I want to show that $\frac{1}{f_{n}}$ converges uniformly to $\frac{1}{f}$ on $[a,b]$ i.e. given $\varepsilon > 0$, find $N \in \mathbb{N}$ s.t. $\forall n \geq N, x \in [a,b]$,
$$|\frac{1}{f_{n}(x)} - \frac{1}{f(x)}| = |\frac{f(x) - f_{n}(x)}{f_{n}(x)f(x)}| < \varepsilon.$$
Since $f_{n}$ converges uniformly to $f$ on $[a,b]$, $\exists M \in \mathbb{N}$ s.t. $\forall m \geq M, x \in [a,b]$,
$$|f_{n}(x) - f{x}| < \frac{\varepsilon L}{r(x)}$$
where $r(x) \in \mathbb{N}$ is any integer s.t.
$$0 < \frac{1}{r(x)} < |f_{n}(x)|$$
$\forall x \in [a,b]$ (since $\forall x \in [a,b], f_{n}(x) \neq 0 \implies |f_{n}(x)| > 0$, it follows from the archimedean property that r(x) exists).
Then for $n \geq M, x \in [a,b]$,
$$|\frac{1}{f_{n}(x)} - \frac{1}{f(x)}| = |\frac{f(x) - f_{n}(x)}{f_{n}(x)f(x)}| = \frac{|f(x) - f_{n}(x)|}{|f_{n}(x)||f(x)|} < \frac{r(x) \cdot \varepsilon L}{r(x) \cdot L} = \varepsilon.$$
I don't think what you did is correct. Because the way you have used $r(x)$ (it should have been $r(n)$ as it depends only on $n$ and not on $x$), it is a function of $n$. As $n$ varies $r(x)$ (or $r(n)$) also varies. Hence $\frac{\epsilon L}{r(x)}$ is not a fixed quantity. Hence direct application of definition of uniform convergence is not allowed.

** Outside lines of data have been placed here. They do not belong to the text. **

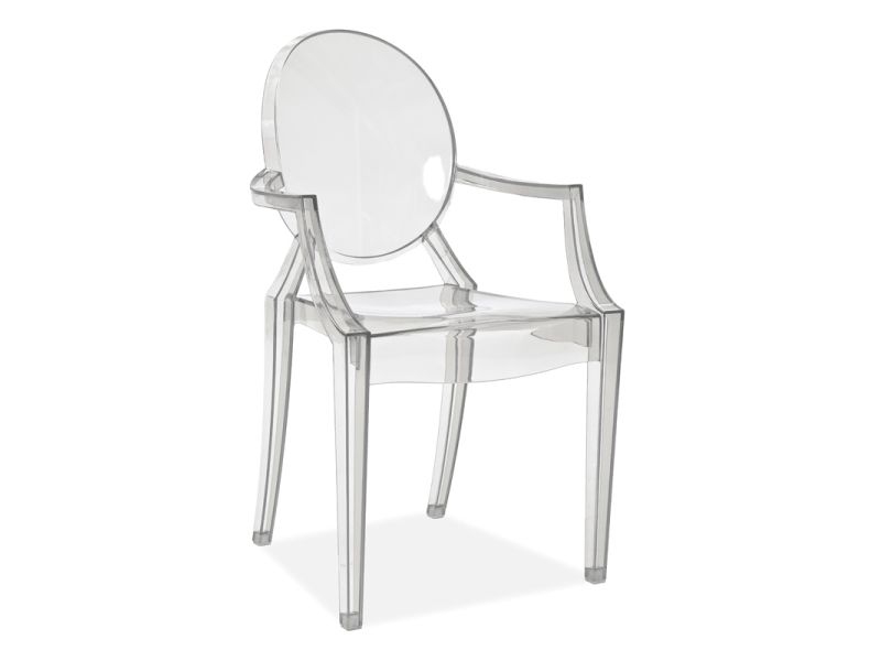 SI-772 - jídelní židle vhodná do moderního designového interiéru.Jemná plná šarmu a půvabu.Materiál: polykarbonát.Provedení: transparentní (průhledná) Rozměry: výška 92 cm, výška sedu 47 cm, hloubka 42 cm, šířka 54 cm.
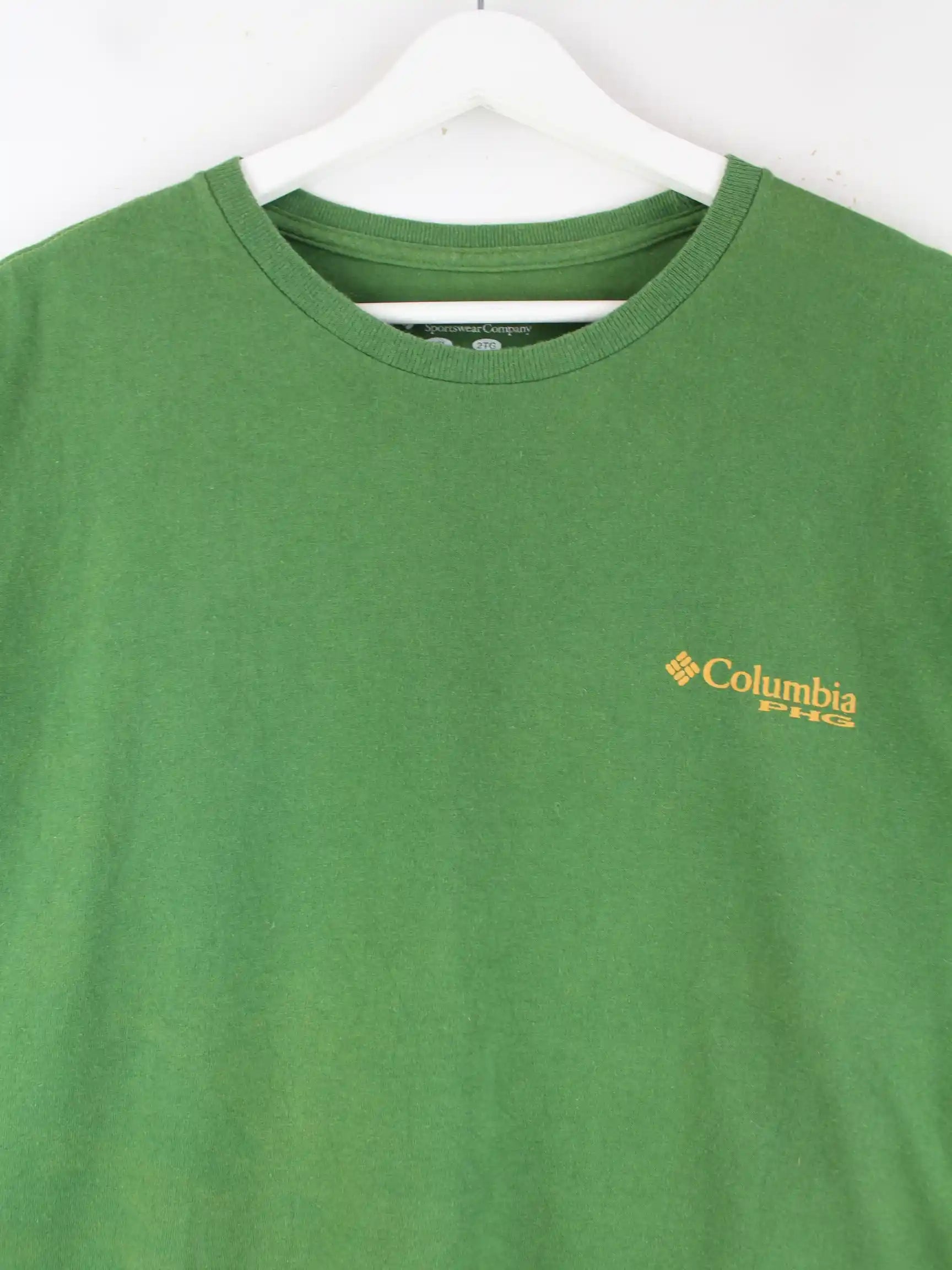 Sweatshirt des Labels Columbia in Größe XXL. Es ist aus Baumwolle hergestellt und in Grün vorrätig. Mit tollem PHG Print.
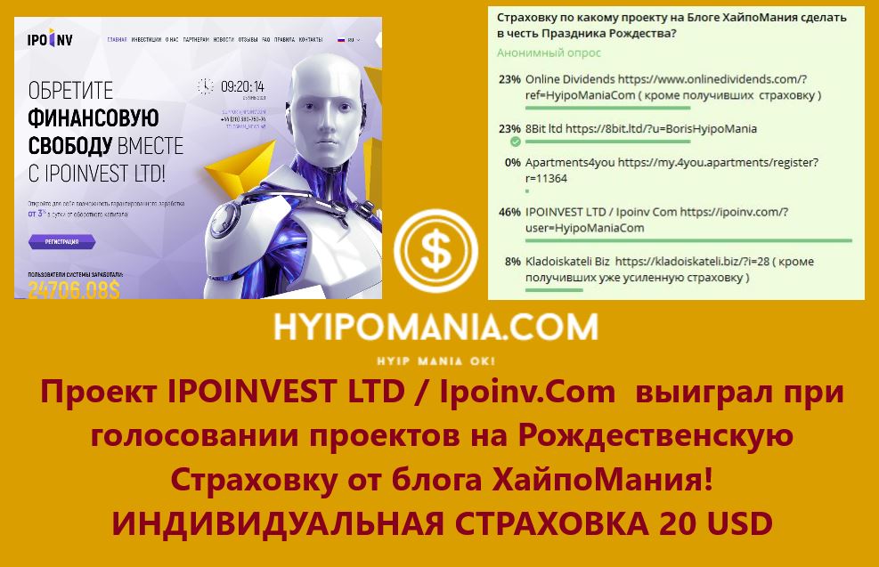 📣 Проект IPOINVEST LTD / Ipoinv Com ( https://ipoinv.com/?user=HyipoManiaCom ) с доходом 150% за 50 дней, лимитами на вклады и до 14% бонусом ( 200% рефбек ) от ХайпоМании - выиграл при голосовании желаемых проектов на Рождественскую Страховку от блога!
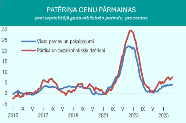 Pārtikas cenu dinamika Baltijas valstīs šajā gadā bijusi atšķirīga. Igaunijā visa 2025. gada laikā pārtikas cenas turpina pieaugt. Lietuvā un Latvijā, sākot ar maiju, cenas stabilizējas un atsevišķos mēnešos pat samazinājušās.
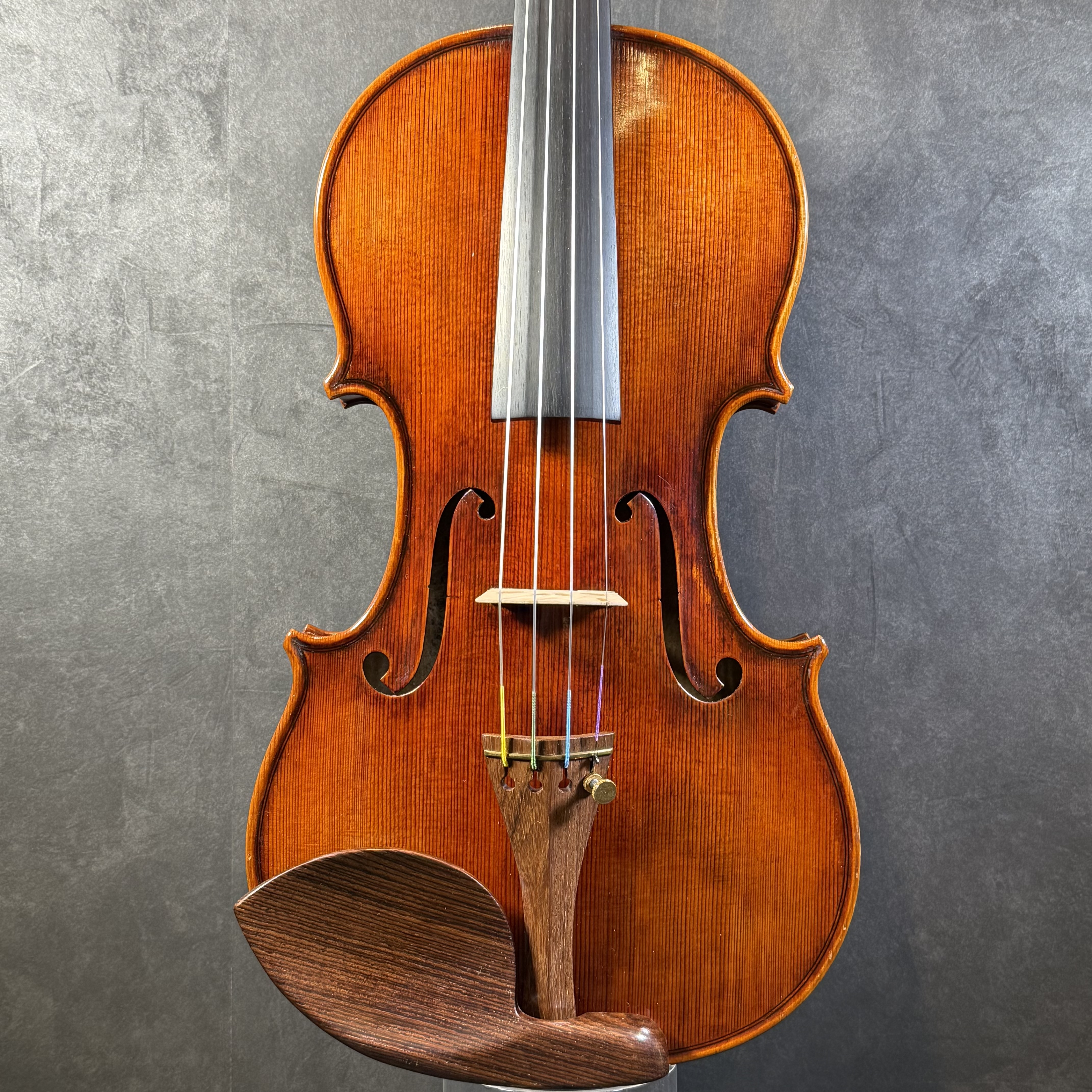 状態も良好、渋みのある見た目と、しっかりとした立ち上がりの音色が印象のヴァイオリン。

Instead we could have shown that there exists an $N \in \mathbb{N}$ and $r>0 \in \mathbb{R}$, such that $|f_n(x)| > r$, for all $n\geq N$ and for all $x$. In other words the set $\{|f_n(x)| \quad | n \geq N, x\in [a,b]\}$ is bounded below by $r$. If this is not true, then given any $\epsilon > 0$, we can choose $x_{n_k}$ such that $f_{n_k}(x_{n_k}) < \frac{\epsilon}{2}$ for some subsequence $n_k$ of natural numbers. Now, by uniform convergence condition, there exists an $M$ such that for all $n\geq M$, $|f_n(x)-f(x)| < \frac{\epsilon}{2}$ for all $x$. Choose $n_k > M$, then we have $$|f(x_{n_k})| =|f(x_{n_k})-f_{n_k}(x_{n_k})+ f_{n_k}(x_{n_k})| \leq |f(x_{n_k}) - f_{n_k}(x_{n_k})| + |f_{n_k}(x_{n_k})| < \epsilon.$$
In other words, for each $\epsilon$ we can find an element $x$ in $[a,b]$ such that $f(x) < \epsilon$. Which is not true by hypothesis. Hence our assertion.
Now fix that $N$ and $r$. There exists $N_1$ such that for all $n\geq N_1$, it is true that $$ |f(x)- f_n(x)| < \frac{\epsilon L r},$$ for all $x\in [a,b]$. Choose $N_2 = max \{N, N_1\}$. Then for all $n\geq N_2$, we have $$|\frac{1}{f_n(x)}-\frac{1}{f(x)}| < \epsilon.$$